***** Source data

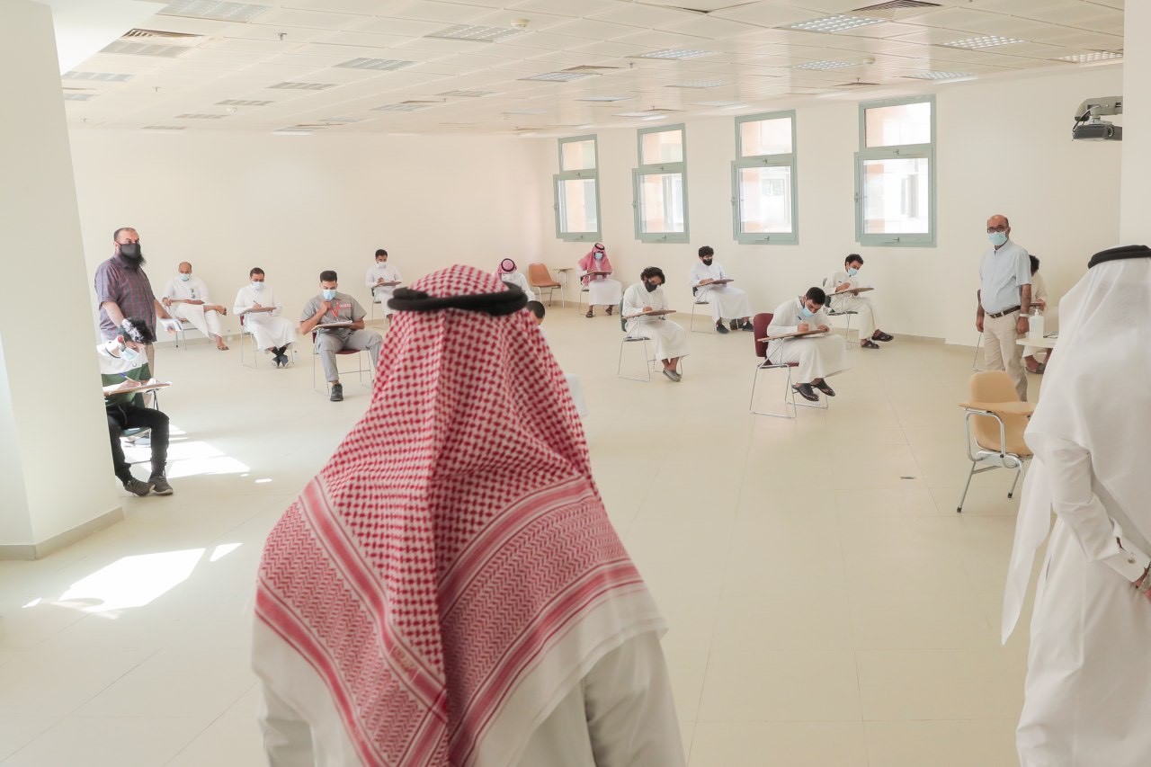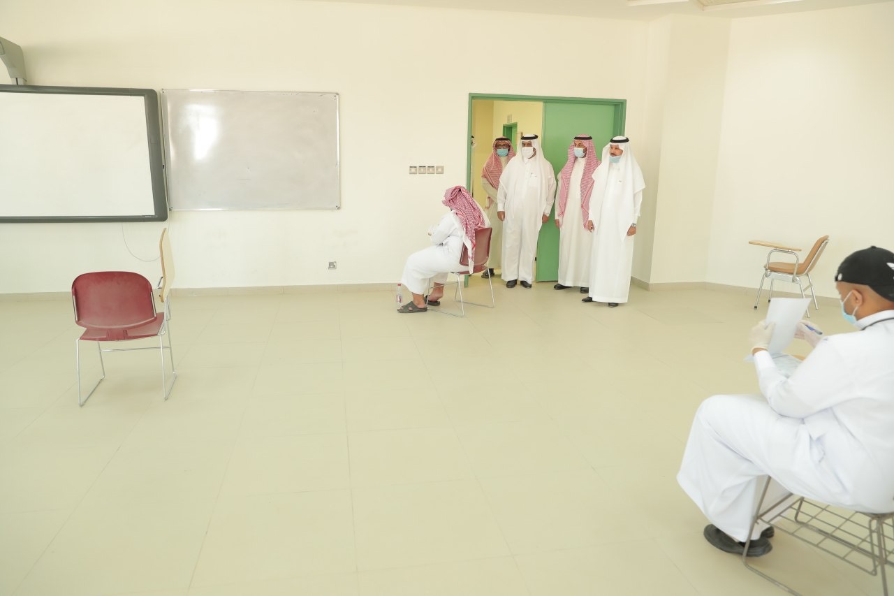 تفقد معالي رئيس الجامعة الأستاذ الدكتور عبدالعزيز بن عبدالله الحامد يرافقه سعادة وكيل الجامعة للشؤون التعليمية والأكاديمية الدكتور مشاري بن عياد العصيمي يوم أمس الأحد الموافق 24 / 2 / 1442هـ سير الاختبارات الفصلية الأولى لكلية العلوم والدراسات الإنسانية بالخرج في ظل الإجراءات الوقائية حيث كان في استقبال معاليه والوفد المرافق له سعادة عميد الكلية الدكتور عبدالرحمن بن إبراهيم الحارثي ووكيل الكلية للشؤون التعليمية والأكاديمية الدكتور هارون ناصر الصقر وقد تجول معاليه في مرافق قاعات الاختبارات الفصلية الأولى بالكلية والوقوف على أداء الطلبة تزامناً مع بدايتها في ظل جائحة كورونا.
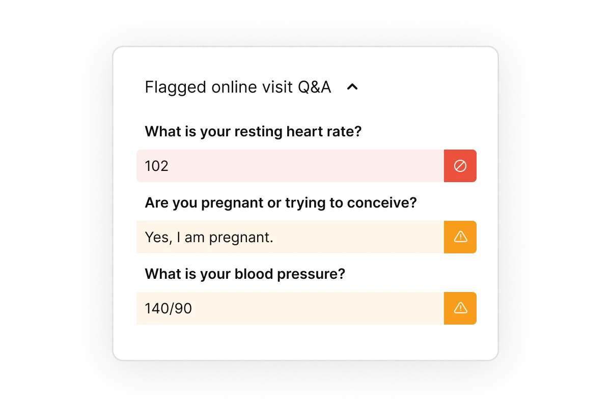 Patients’ responses in intake visits and check-ins are coded and labeled so providers are consistently aware of any potential risks while reviewing their individual medical history.
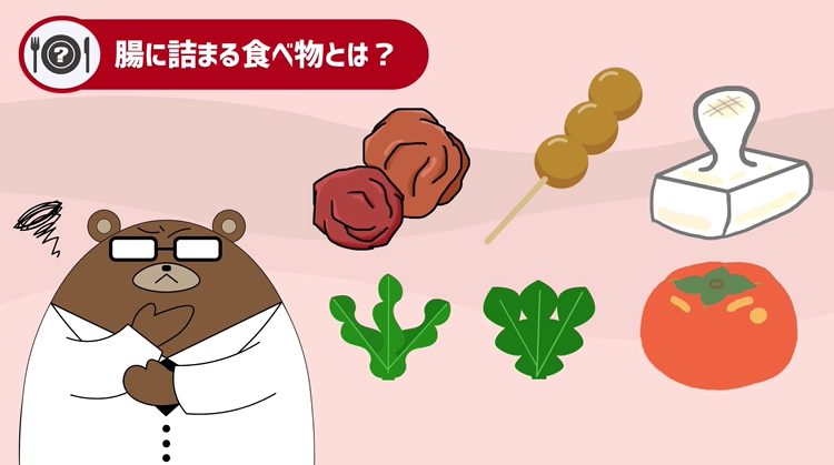 このように、腸につまる食べ物はのみこみやすかったり、水で膨らみやすかったり、特殊な性質があったり、様々な特徴があるんですね。
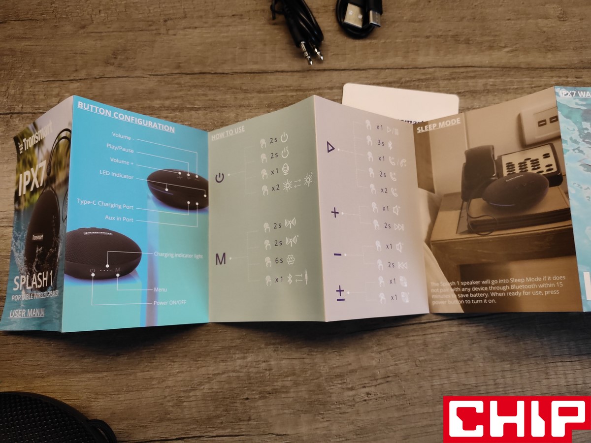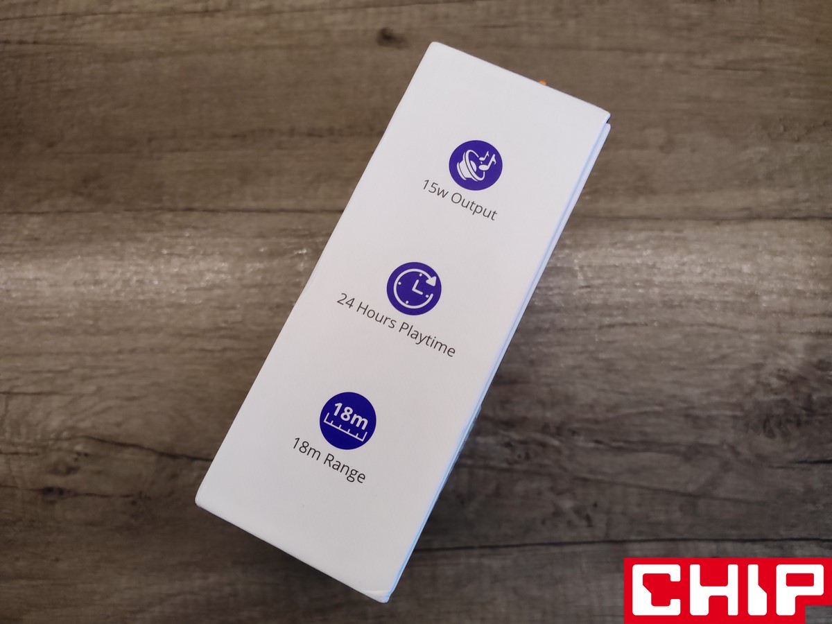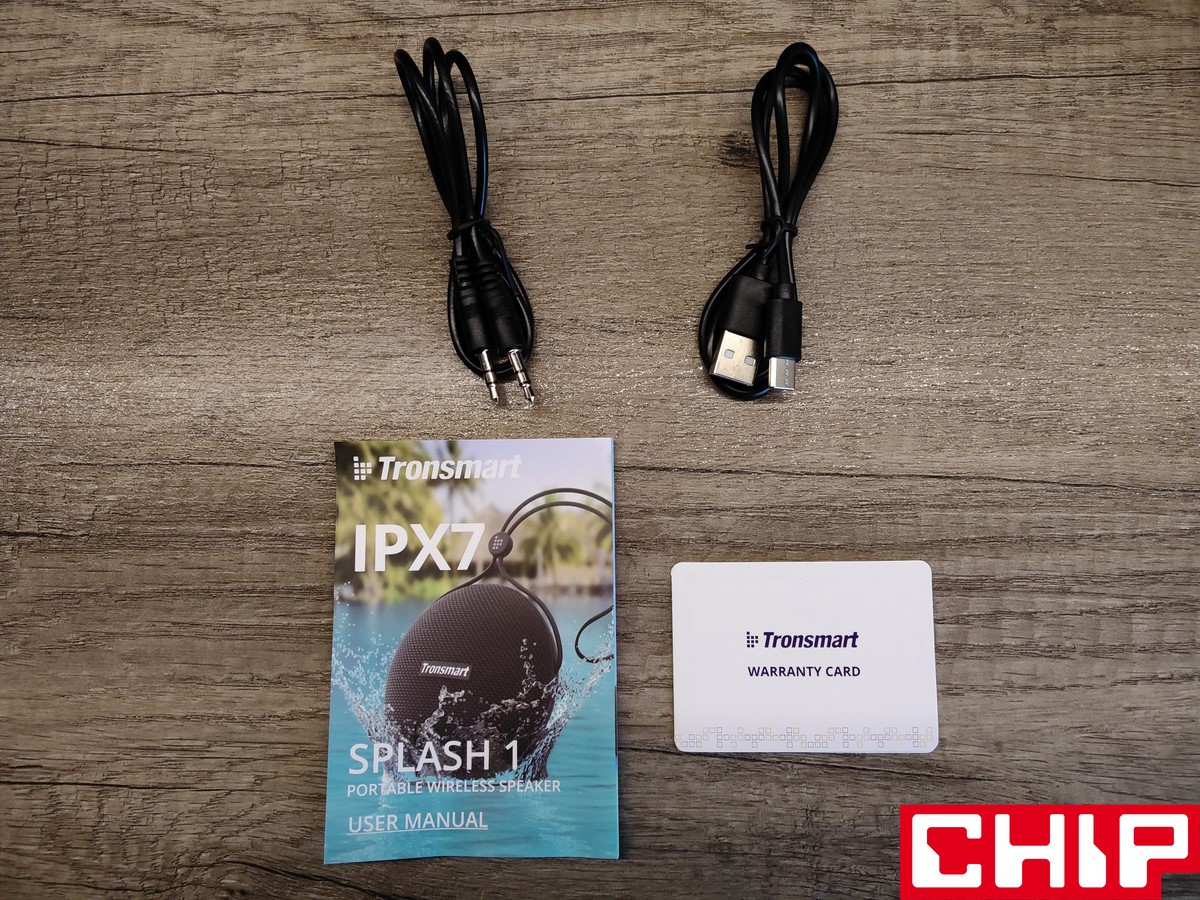 Jak to na bezprzewodowy głośnik z myślą o rozrywce i aktywności przystało, Splash 1 prezentuje sobą bardziej sportowy i “turystyczny” design. Zanim jednak położymy na niego dłonie, będziemy musieli poradzić sobie z unboxingiem solidnego kartonowego pudełka, które informuje nas o najważniejszych cechach głośnika poprzez proste infografiki. Wewnątrz oprócz Splash 1 znajdziemy instrukcję obsługi, kartę gwarancyjną i dwa około 60-centymetrowe proste przewody w gumowych osłonkach. Jeden jest przeznaczony do ładowania (USB-C do USB-A), a drugi do trybu przewodowego (zakończony 3-polowe jack 3,5 mm).

**********

- [About this exercise]: Starting with the line that holds "このように、腸につまる食べ物", print each line through the last one of the data exactly as written, but do not include the pictures.

- [Reply]:
 このように、腸につまる食べ物はのみこみやすかったり、水で膨らみやすかったり、特殊な性質があったり、様々な特徴があるんですね。
 Jak to na bezprzewodowy głośnik z myślą o rozrywce i aktywności przystało, Splash 1 prezentuje sobą bardziej sportowy i “turystyczny” design. Zanim jednak położymy na niego dłonie, będziemy musieli poradzić sobie z unboxingiem solidnego kartonowego pudełka, które informuje nas o najważniejszych cechach głośnika poprzez proste infografiki. Wewnątrz oprócz Splash 1 znajdziemy instrukcję obsługi, kartę gwarancyjną i dwa około 60-centymetrowe proste przewody w gumowych osłonkach. Jeden jest przeznaczony do ładowania (USB-C do USB-A), a drugi do trybu przewodowego (zakończony 3-polowe jack 3,5 mm).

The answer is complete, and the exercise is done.